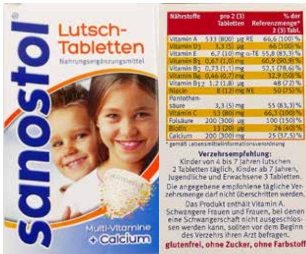
Abbildung 4: Zusammensetzung eines Nahrungsergänzungsmittels aus der Apotheke mit sehr hoher empfohlener Tagesdosis an Vitamin A, das für Kinder ab vier Jahren bestimmt ist (sanostol® Lutschtabletten). Die vom BfR vorgeschlagene maximale Höchstmenge von 200 µg Vitamin A pro Tag in Nahrungsergänzungsmitteln (gilt für die Altersgruppe ab 15 Jahren) wird deutlich überschritten. Bei einem Verzehr von täglich drei Tabletten für Kinder ab sieben Jahren, wie der Hersteller empfiehlt, ist der BfR-Wert sogar um das Vierfache überschritten [22].
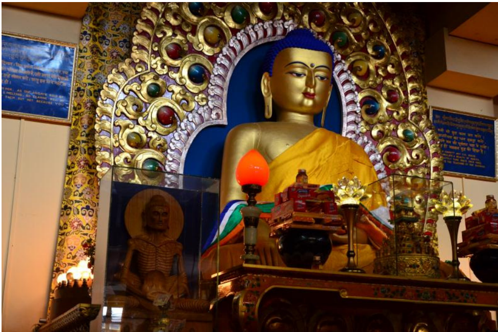
Tượng Đức Phật Thích Ca Mâu Ni tại chùa Tây Tạng ở Dharamsala, Ấn Độ

Tyranny - sự bạo ngược, sự chuyên chế (Tyrant - bạo chúa)
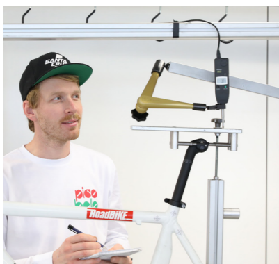
Auf den RB-Prüfständen wurden alle Carbon-Sattelstützen einheitlich getestet.

FAZIT: Komfort- und Gewichtstuning muss nicht teuer sein – schon eine mittelpreisige Carbon-Stütze macht den Renner spürbar komfortabler und leichter. Spielt Geld keine Rolle, kann eine High-End-Stütze als ultimatives Upgrade in beiden Disziplinen noch etwas mehr herausholen.
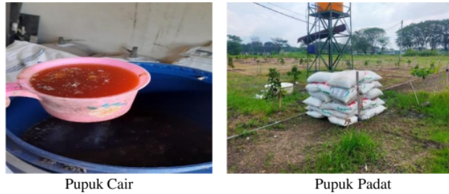
Gambar 2. Hasil Pengelolaan Sampah Organik

4 Berdasarkan gambar 2 tersebut, bahwa pengelolaan sampah bisa dijadikan pupuk cair dan pupuk padat. Penggunaan pupuk cair berbahan limbah organik semakin meningkat sejak berkembangnya tanaman hidroponik karena pupuk cair dapat dengan mudah dicampurkan sesuai dengan kebutuhan tanaman dan mudah diaplikasikan melalui selang. Untuk pengerjaannya menggunakan pupuk cair ini sangat cepat hanya menggunakan selang seperti air mengalir. Pupuk organik padat mengandung banyak unsur hara baik yang besar maupun kecil sehingga bisa memperbaiki struktur kesuburan tanah. Kekurangan penggunaan pupuk padat, akibat pemakaian jangka panjang akan mengakibatkan lahan terparap pupuk padat akan mengeras.
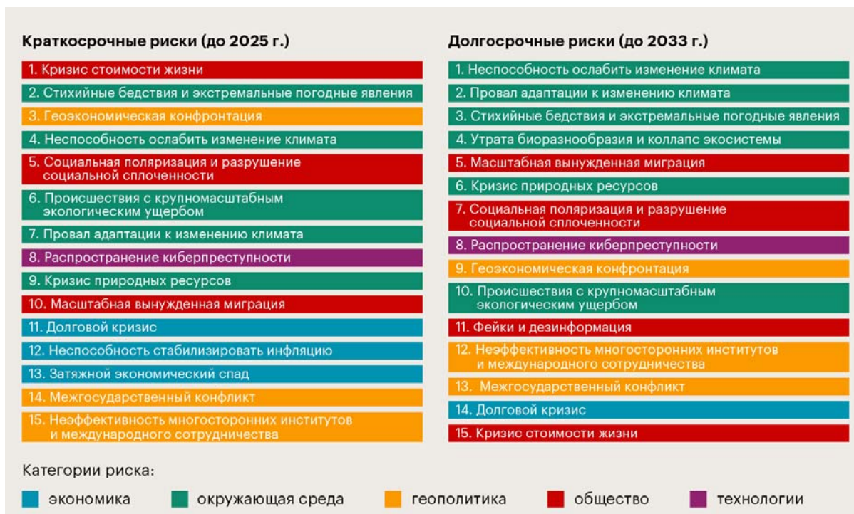
Рис. 5. Топ-15 глобальных рисков на горизонте двух и десяти лет

Глобальный кризис стоимости жизни уже наступил. Цены на товары первой необходимости, прежде всего продовольствие и жилье, быстро росли еще до пандемии; в 2022 г. затраты домохозяйств еще больше возросли, в первую очередь из-за перебоев с поставками продовольствия и энергоресурсов из России и Украины, и инфляционное давление непропорционально сильнее ударяет по тем, кто менее всего способен его выдержать. Чтобы обуздать рост цен, в прошлом году около 30 стран ввели ограничения на экспорт, в том числе продовольствия, что еще больше подстегнуло глобальную инфляцию. Несмотря на то, что давление на цепочки поставок снизилось с последних пиков весны 2022 г., индекс цен на продовольствие остается на максимумах с 1960-х гг.
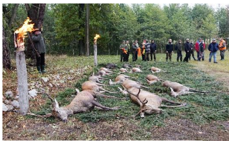
zdj. nr 7 Pokot pozyskanej zwierzyny..
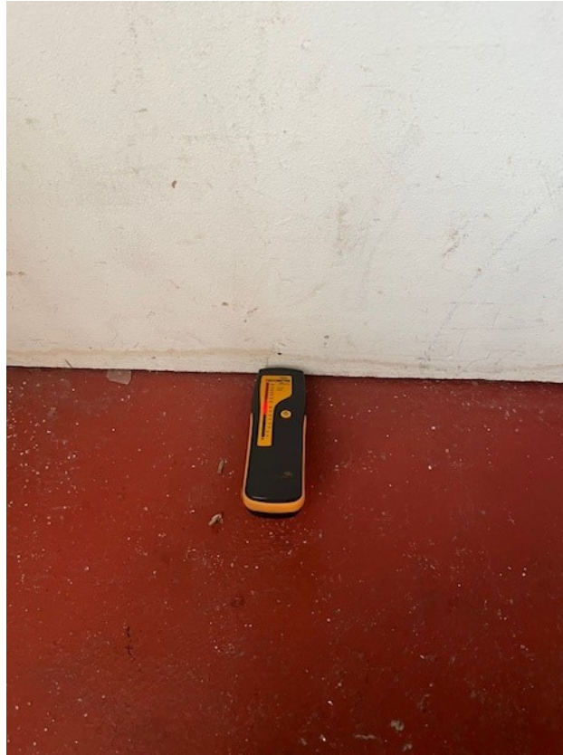
Fuktmätning i utreglad vägg i källaren.
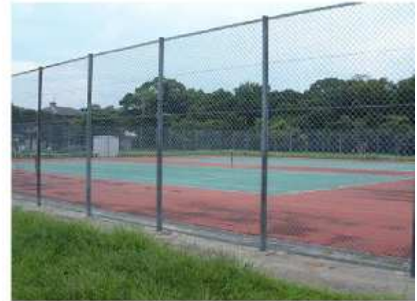
津市香良洲テニスコート 香良洲町3675-16
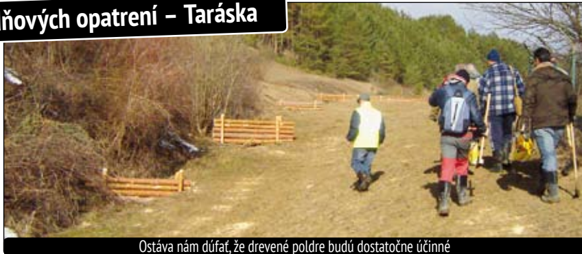
Ostáva nám dúfať, že drevené poldre budú dostatočne účinné

Koncom minulého roka starosta podpísal spoluprácu s firmou Xanto Zvolen, ktorá vypracovala návrh na vybudovanie drevených poldrov v časti Taráska – pri skokanských mostíkoch. Po výzve z Úradu vlády SR starosta vypracoval a podal žiadosť o dotáciu a následne v druhom kole bola obec
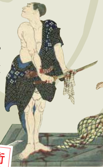
⑦ 月岡芳年 英名二十八衆句 因果小僧六之助(部分) 慶応二年(一八六六)
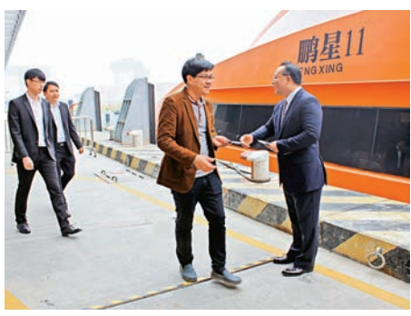
▲深圳增開「蛇口至中環」航班，由蛇口到中環只需55分鐘

深圳航運集團表示，3月1日起，蛇口郵輪中心至香港中環航班已由原先的10班增至平日16班次，周末18班次，周末增加的尾班船從香港中環出發最晚時間為20：30，從深圳出發最晚19：15。蛇口至中環（單程）普通艙票價120元（人民幣，下同）、頭等艙票價150元、兒童票價70元。
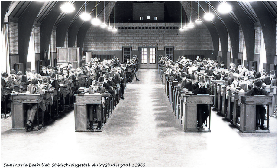
Seminarie Beekvliet, St-Michielsgestel, Aula/Studiezaal ±1965
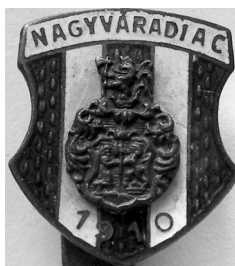
A NAC címere

Mint közismert 1940. augusztus 30-án a második bécsi döntés értelmében Magyarország 43 492 négyzetkilométernyi területet visszakapott Romániától, így jöhettek az erdélyi csapatok az NB I.-be. A Nagyvárad AC 1941-ben Erdély bajnoka lett, és így a magyar élvonalban szerepelhetett. (Vele együtt a Kolozsvári AC és az Újvidéki AC is itt játszhatott.) A NAC az 1941/42-es évadban az előkelő 5. helyen végzett, a következő szezonban pedig a Weiss Manfréd FC Csepel mögött mindössze három ponttal lemaradva ezüstérmes.
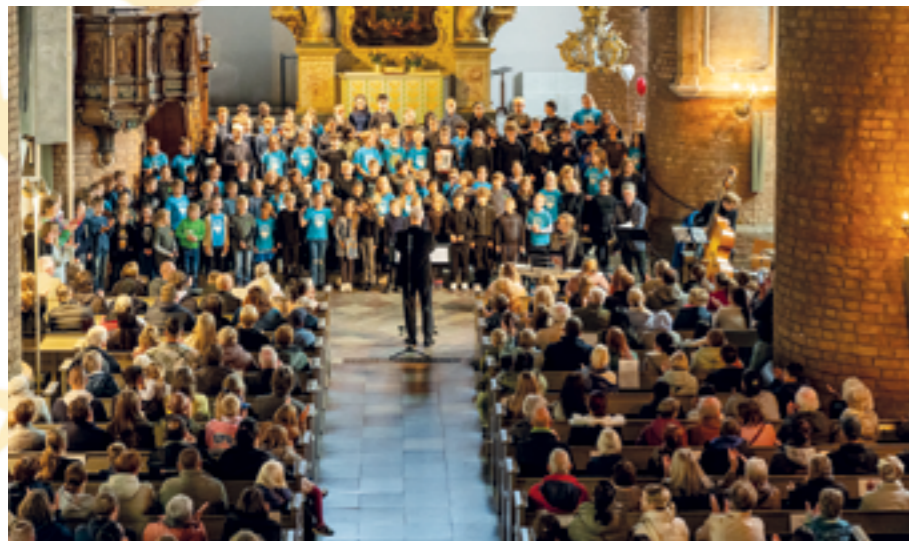
Dritte und vierte Klassen in Aktion
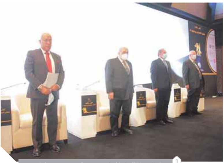
الحضور خلال السلام الجمهوري
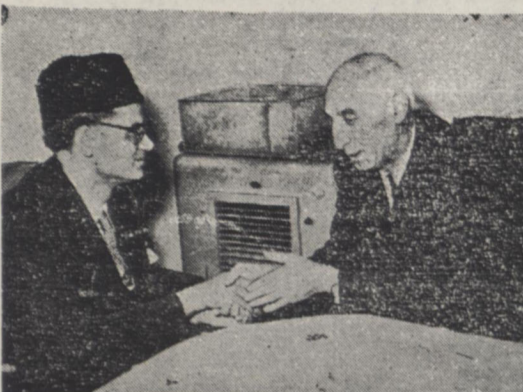
آقای نسیم حسین کاردار سفارت پاکستان در ملاقات امروز با آقای نخست وزیر

سرتیپ مزینی افشار قاسم و احمد بلوچ را امروز برای انجام باز پرس باطاق باز پرس نظامی آوردند
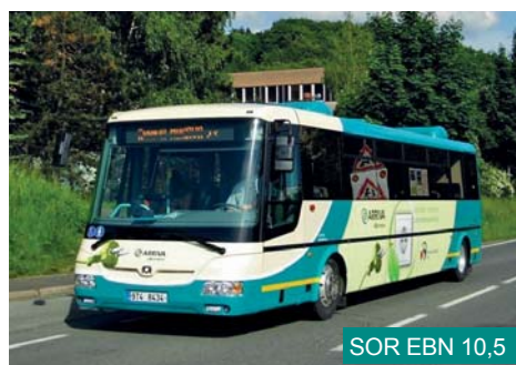
SOR EBN 10,5

Veřejnosti se na jenom místě představily čtyři elektrobuse různých firem a to ŠKODA SOLARIS Urbino Electric, elektrobuse BYD eBUS-12 a Rošero EVC, elektromobily i elektrokola.

BRIEF —
Repeat exactly and only the lines from the start of the data above through the line that holds "Gambar 2. Hasil Pengelolaan Sampah Organik", inclusive. Pictures do not belong in the copy.

WRITTEN SOLUTION —
Abbildung 4: Zusammensetzung eines Nahrungsergänzungsmittels aus der Apotheke mit sehr hoher empfohlener Tagesdosis an Vitamin A, das für Kinder ab vier Jahren bestimmt ist (sanostol® Lutschtabletten). Die vom BfR vorgeschlagene maximale Höchstmenge von 200 µg Vitamin A pro Tag in Nahrungsergänzungsmitteln (gilt für die Altersgruppe ab 15 Jahren) wird deutlich überschritten. Bei einem Verzehr von täglich drei Tabletten für Kinder ab sieben Jahren, wie der Hersteller empfiehlt, ist der BfR-Wert sogar um das Vierfache überschritten [22].
Tượng Đức Phật Thích Ca Mâu Ni tại chùa Tây Tạng ở Dharamsala, Ấn Độ

Tyranny - sự bạo ngược, sự chuyên chế (Tyrant - bạo chúa)
Auf den RB-Prüfständen wurden alle Carbon-Sattelstützen einheitlich getestet.

FAZIT: Komfort- und Gewichtstuning muss nicht teuer sein – schon eine mittelpreisige Carbon-Stütze macht den Renner spürbar komfortabler und leichter. Spielt Geld keine Rolle, kann eine High-End-Stütze als ultimatives Upgrade in beiden Disziplinen noch etwas mehr herausholen.
Gambar 2. Hasil Pengelolaan Sampah Organik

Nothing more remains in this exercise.